▸ EXERCISE AIM:
With the images removed, write out each record exactly as given.

....

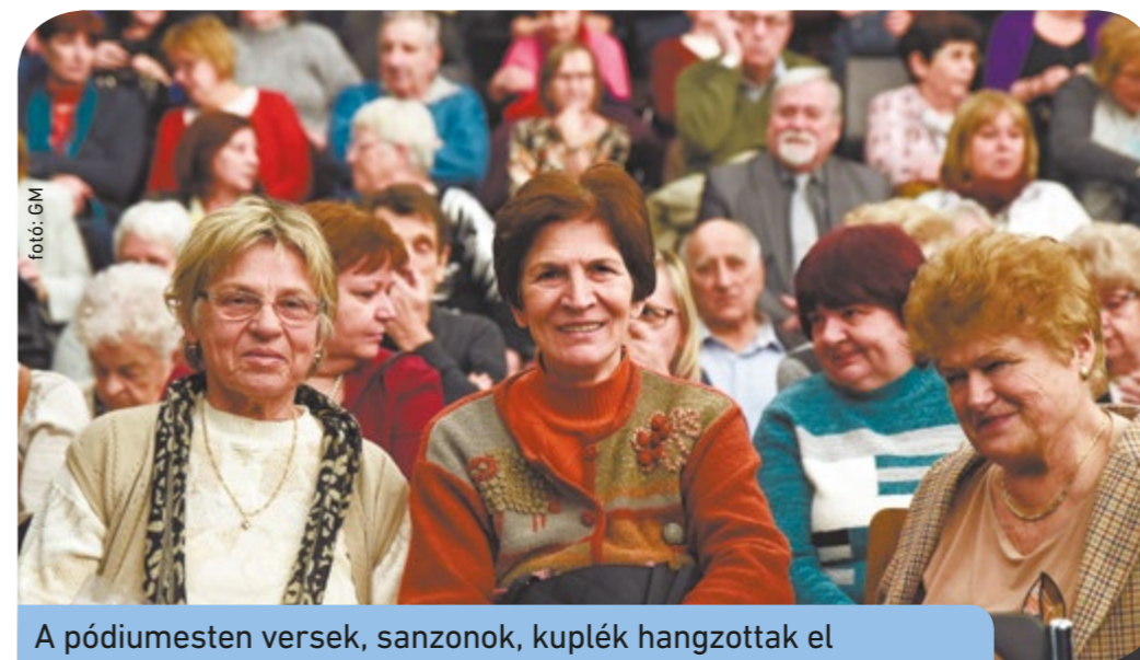
A pódiumesten versek, szonok, kuplák hangzottak el

A fellépésekről kérdezve a művész elmondta, hogy néhány hónapja mutatták be a Kálmán Imre életéről szóló darabot, melyet nagy sikerrel, telt ház előtt játszanak a Spinoza Színházban. „Bár az energiámhoz képest most kicsit kevesebbet dolgozom, főként filmes munkák, irodalmi estek adnak feladatot, ez nem okoz lelki bánatot. Szerencsés alkat vagyok, mindig megtalálom, ami örömet szerez számomra, és amivel a közönségnek is örömet szerezhetek.” • PE
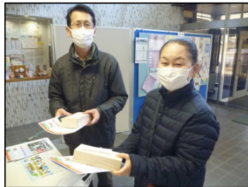
3つの記念石を集めた方には箱も進呈
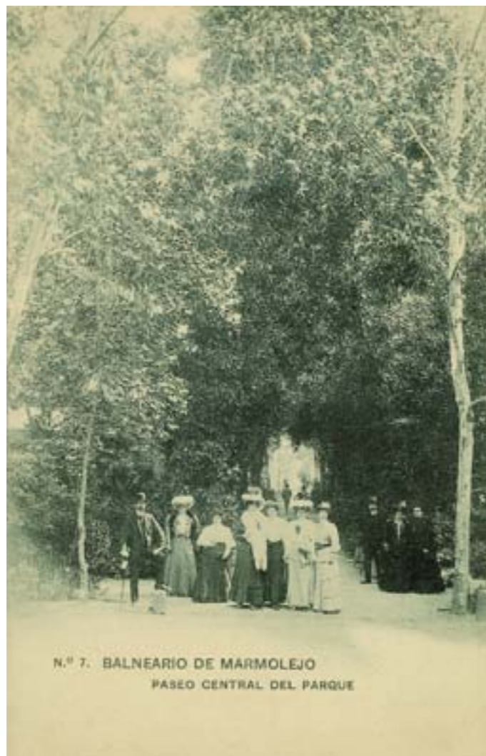
Dj7137. Balneario de Marmolejo. Paseo central del parque. N.º 7 de la edición del Balneario, Jaén. Impresión de Hauser y Menet, Madrid. 1907.
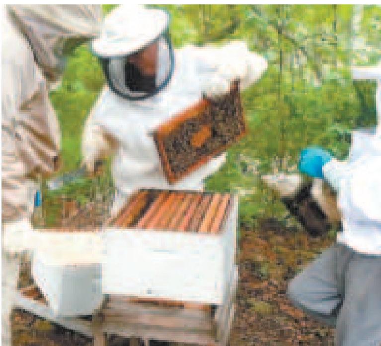
El objetivo es incrementar el volumen de la producción de miel en Chuquisaca.
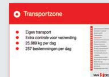
Het infobord aan de transportzone
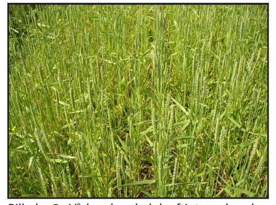
Billede 5. Vårhveden led kraftigt under den manglende tilførsel af gødning.

I begge vinterhvedesorter har gødskning medført en højere rumvægt. Proteinindholdet ligger relativt lavt. Der er dog et klart højere proteinindhold i den gødede del af parcellen. Der
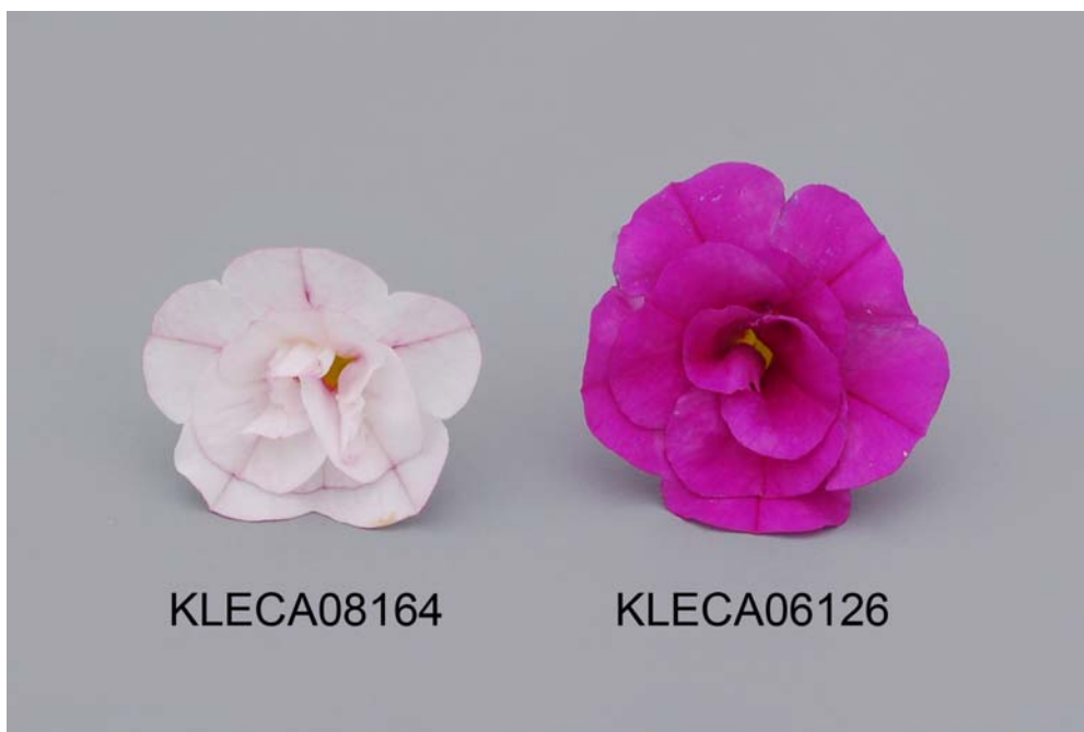
Calibrachoa: 'KLECA08164' (gauche) avec la variété de référence 'KLECA06126' (droite)
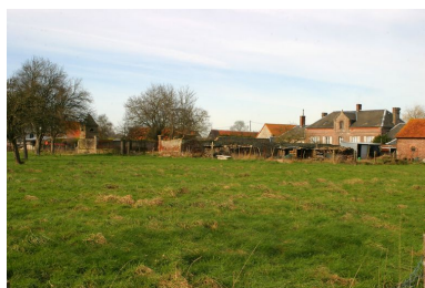
Vue générale depuis le sud. IVR22_20078000136NUCA
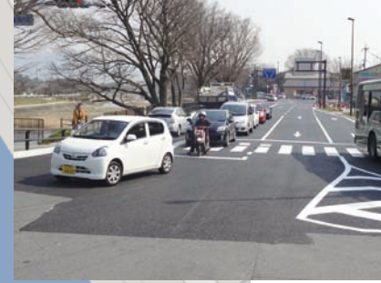
② 歩道を拡幅しました。
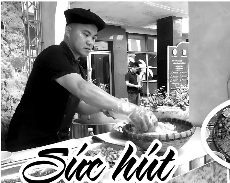
◀ Chế biến đồ ăn phục vụ du khách tại Khu nghỉ dưỡng H'Mong Village xã Lũng Tám.
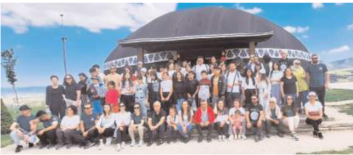
Öğrenciler Pazar günü Çorum Obası'nda kahvaltı yaptı.

Bakan Yumaklı, Konya Ovası 1,2,3 Sulamaları İkmal (11.820 ha sulama), Çorum Koçhisar Sulaması 2. Kısım (4.267 ha sulama), Samsun 19 Mayıs Barajı Sulaması (7.693 ha sulama) Diyarbakır Silvan Kuruçay Barajı Sulaması (5.030 ha sulama) ve Kayseri Bünyan Elbaşı-Karadayı Sulaması (5.402 ha sulama) projelerinin bu yıl içinde tamamlanacağını kaydetti. (İHA)
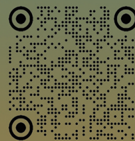
西藏日报微信公众号
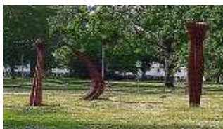
Überall am Campus zu finden: Moderne Kunst.
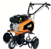
MOTOBINEUSE CARBURANT : SP98 ½ JOURNÉE : 35€ JOURNÉE : 51€
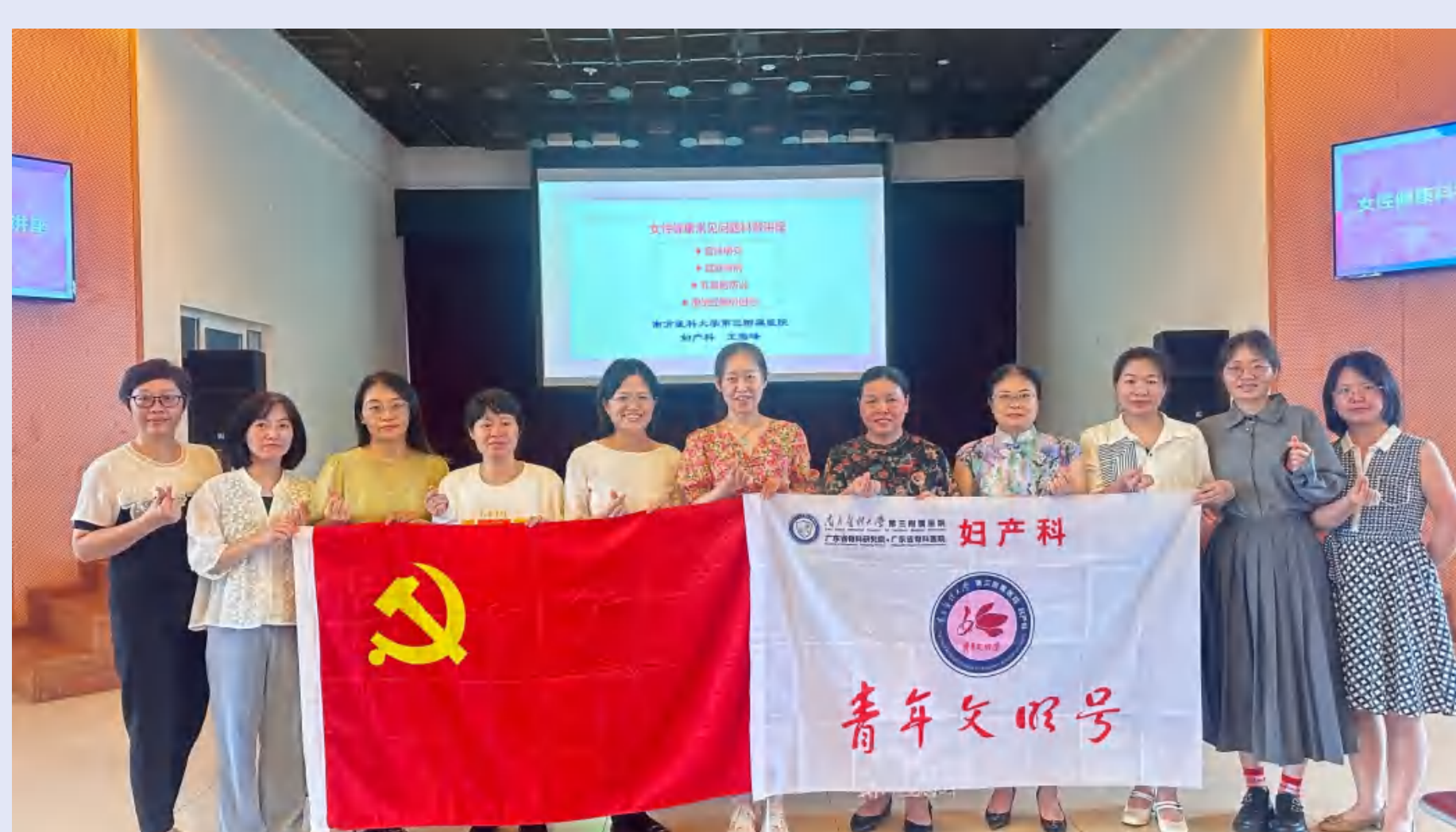
女性健康科学防护知识讲座
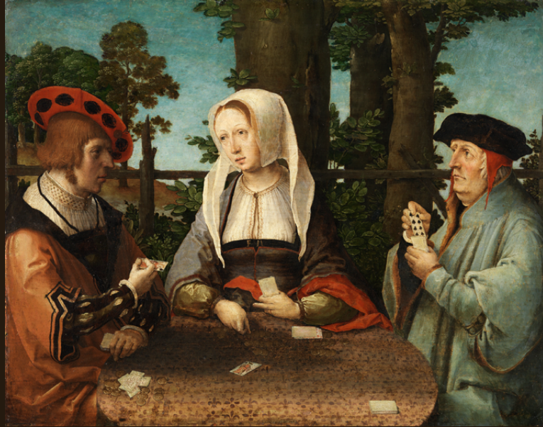
Lucas Hogenbrugg Los jugadores de cartas c. 1520
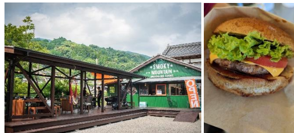
スモーキーマウンテンのハンバーガー
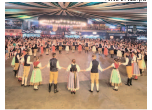
Imigrantenses do Sonnenlicht realizaram sonho antigo em Blumenau

....

▸ TASK OUTPUT:
A pódiumesten versek, szonok, kuplák hangzottak el

A fellépésekről kérdezve a művész elmondta, hogy néhány hónapja mutatták be a Kálmán Imre életéről szóló darabot, melyet nagy sikerrel, telt ház előtt játszanak a Spinoza Színházban. „Bár az energiámhoz képest most kicsit kevesebbet dolgozom, főként filmes munkák, irodalmi estek adnak feladatot, ez nem okoz lelki bánatot. Szerencsés alkat vagyok, mindig megtalálom, ami örömet szerez számomra, és amivel a közönségnek is örömet szerezhetek.” • PE
3つの記念石を集めた方には箱も進呈
Dj7137. Balneario de Marmolejo. Paseo central del parque. N.º 7 de la edición del Balneario, Jaén. Impresión de Hauser y Menet, Madrid. 1907.
El objetivo es incrementar el volumen de la producción de miel en Chuquisaca.
Het infobord aan de transportzone
Billede 5. Vårhveden led kraftigt under den manglende tilførsel af gødning.

I begge vinterhvedesorter har gødskning medført en højere rumvægt. Proteinindholdet ligger relativt lavt. Der er dog et klart højere proteinindhold i den gødede del af parcellen. Der
Calibrachoa: 'KLECA08164' (gauche) avec la variété de référence 'KLECA06126' (droite)
Vue générale depuis le sud. IVR22_20078000136NUCA
② 歩道を拡幅しました。
◀ Chế biến đồ ăn phục vụ du khách tại Khu nghỉ dưỡng H'Mong Village xã Lũng Tám.
Öğrenciler Pazar günü Çorum Obası'nda kahvaltı yaptı.

Bakan Yumaklı, Konya Ovası 1,2,3 Sulamaları İkmal (11.820 ha sulama), Çorum Koçhisar Sulaması 2. Kısım (4.267 ha sulama), Samsun 19 Mayıs Barajı Sulaması (7.693 ha sulama) Diyarbakır Silvan Kuruçay Barajı Sulaması (5.030 ha sulama) ve Kayseri Bünyan Elbaşı-Karadayı Sulaması (5.402 ha sulama) projelerinin bu yıl içinde tamamlanacağını kaydetti. (İHA)
西藏日报微信公众号
Überall am Campus zu finden: Moderne Kunst.
MOTOBINEUSE CARBURANT : SP98 ½ JOURNÉE : 35€ JOURNÉE : 51€
女性健康科学防护知识讲座
Lucas Hogenbrugg Los jugadores de cartas c. 1520
スモーキーマウンテンのハンバーガー
Imigrantenses do Sonnenlicht realizaram sonho antigo em Blumenau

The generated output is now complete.